Dünyada zenginlerin kurduğu birçok yardım vakfı var. Bizim zenginler, dünya standartlarına göre daha pinti!
Örneğin en hayırsever zengin Warren Buffett yaşamı boyunca 62 milyar dolar yani servetinin yüzde 30'unu bağışladı.
Bill Gates ve Melinda French Gates de yaşamları 47,7 milyar dolar bağış yaptılar.
Acun Ilıcalı da çeşitli yardımlarda bulunuyor ama gerçekten mutlu olmak istiyorsa daha çok bağış yapabilir, topluma faydalı projeler geliştirebilir, vakıflar açabilir!
***
18.6 MİLYON!
Tedavilerdeki ilerlemelere rağmen dünya genelinde kanserden ölenlerin sayısının önümüzdeki 25 yıl içinde yaklaşık yüzde 75 oranında artması bekleniyor.

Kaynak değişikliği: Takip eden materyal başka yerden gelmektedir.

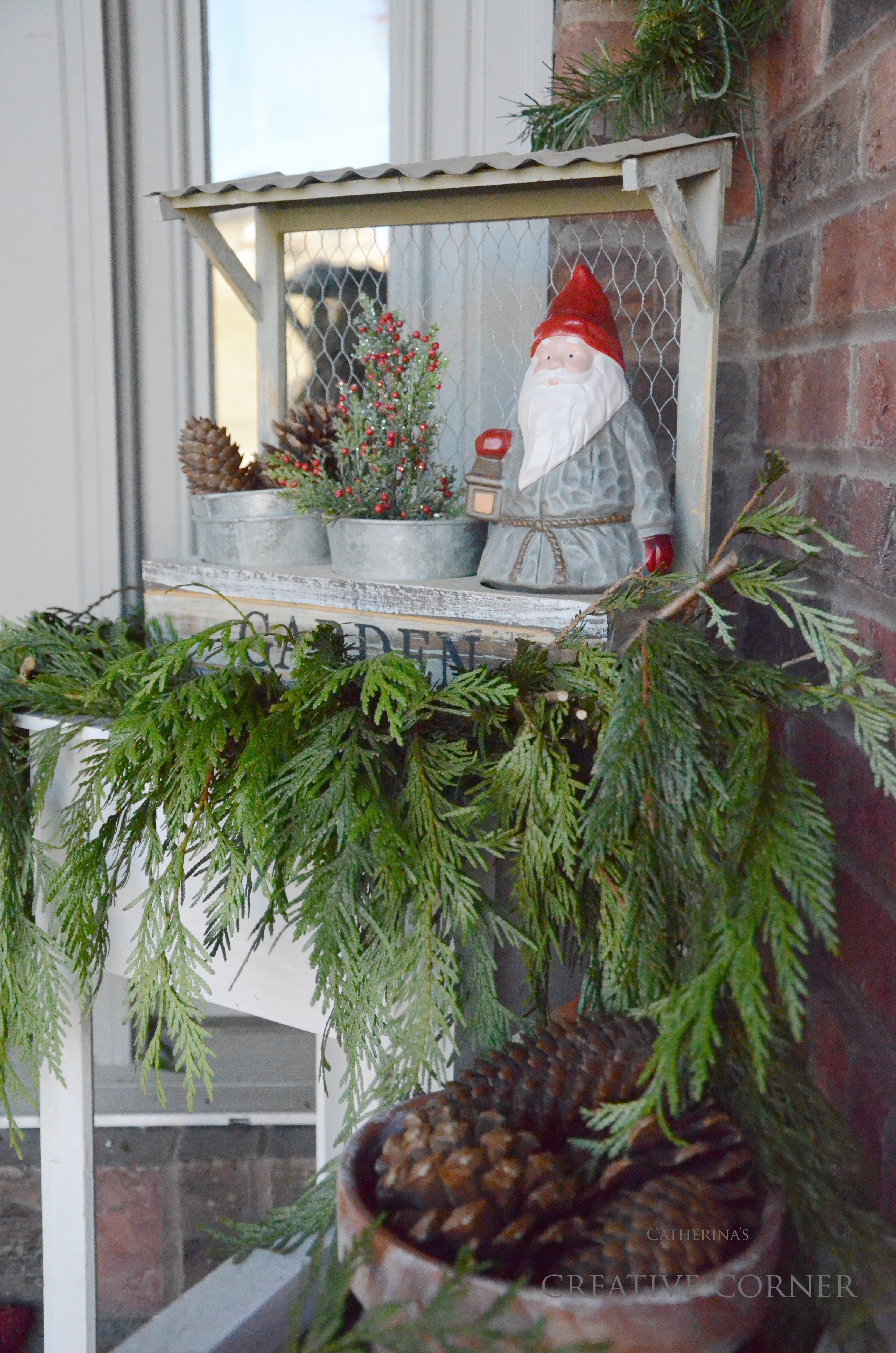 Here is my little “Nisse” aka Danish elf sitting in the cutest little garden “lean-to”… I kind of like him there…I also filled my empty terra-cotta pots with pine cones and used fresh greenery wherever I could .

Yani 2050 yılında 18,6 milyon insan kanserden ölebilir!
Bu 18.6 milyonun arasında olmak istemiyorsanız, kanser ölümlerinin değiştirilebilir risklerinden uzak durmanız gerekiyor. Uzak durmanız gerekenler; tütün, alkol, mesleki riskler, obezite, yüksek kan şekeri ve hava kirliliği.
Bu etkenler erkeklerde kanserle ölümlerin yüzde 46'sında, kadınlarda ise yüzde 36'sında rol oynuyor.
***
KALİTESİZ ÇAY VE KAHVEYİ ÇOK SEVİYORUZ!
Tarım ve Orman Bakanlığı'nın taklit ve tağşiş listesinde Rize'de üretilen bir çayda gıda boyası olduğu ortaya çıktı.

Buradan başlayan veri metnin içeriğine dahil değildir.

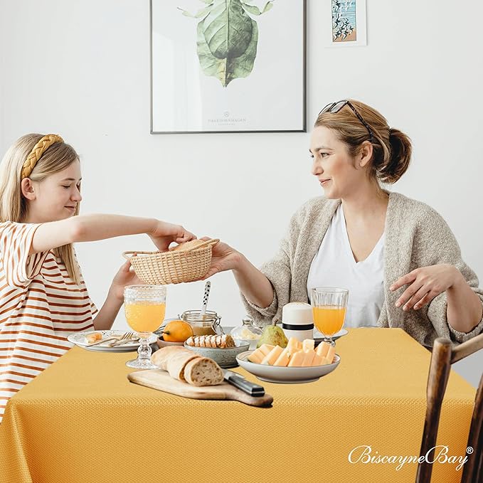 - Water Resistant & Easy Care: Featuring excellent water-resistant properties, this tablecloth ensures liquids and spills bead up on the surface. Simply wipe clean with a damp cloth for quick and effortless maintenance, making cleanup a breeze

Konuşulmuyor ama bazı markalarda çayın toz oranı da yüksek.
Sanırım ünlü tarihçi İlber Ortaylı, Türkiye'deki çayların Hindistan, Çin, Sri Lanka'dan gelenlere göre kalitesinin düşük olmasından bahsederken çaydaki toz oranına dikkat çekmeye çalışıyordu.
Elbette çayın kalitelisi tropikal bölgelerde yetişiyor.

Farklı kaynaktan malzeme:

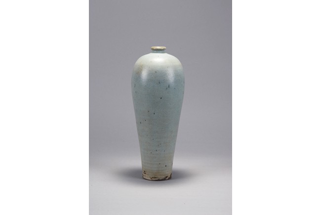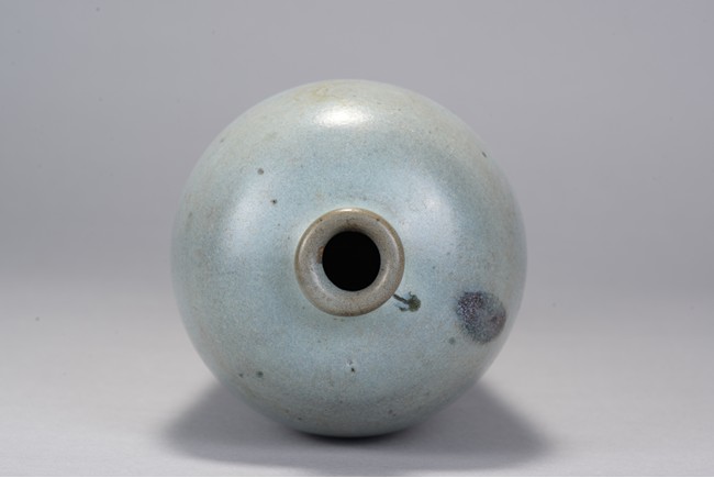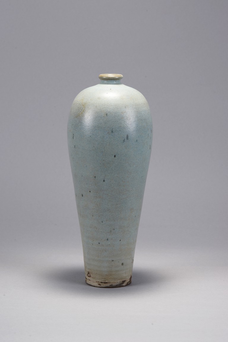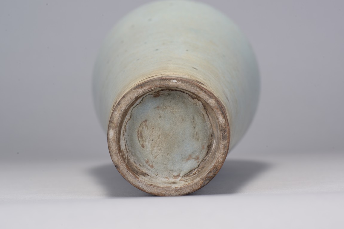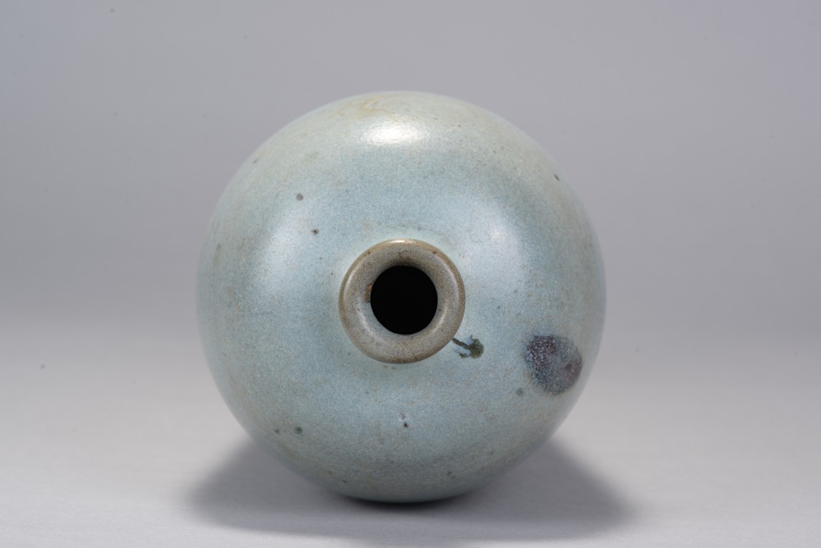鈞瓷乃宋代五大名窯瓷器之一,素有“黃金有價鈞無價”和“家有萬貫,不如鈞瓷一件”之稱。此件梅瓶小唇口外翻式,短頸,豐肩,器身由粗至細逐漸內收,整器施淡青色釉,釉層肥厚,並有紫色斑痕點綴其間,相容自然,和諧雅緻。明人言:“鈞州窯,紅若胭脂者為最,青若蔥翠色,紫若黑色者次之”。器形挺拔秀麗,端莊典雅。此種靛青釉色清新淡雅又不失端莊典雅。通體素色,無任何紋飾,造型秀麗規整,間潔肅穆,古韻十足。

Bizde bu iklime en yakın bölge olan Doğu Karadeniz'de de ilk kuru çay üretimi 1938 yılında gerçekleştirildi.
Türk halkı zamanla çayı o kadar çok sevdi ki, şu an Dünyada yılık kişi başı çay tüketiminde Türkiye 3,5 kilogramla birinci sırada.
Ancak çayımız, tropikal bölgelerde üretilen 'Seylan çayı' kadar kaliteli değil.
Ülkemizde üretilen daha büyük yapraklı kaliteli çay genelde yurtdışına satılıyor.
Çünkü yıllarca toz oranı yüksek çay içmeye alıştığımız ve damak zevkimiz bu yönde geliştiği için kaliteli, büyük yapraklı çay talep edilmiyor!
Talep olmayınca, arz gerçekleşmiyor.
Türk kahvesinde de durum aynı. Türk kahvesi denilen şey aslında kahvenin hazırlanış yöntemi!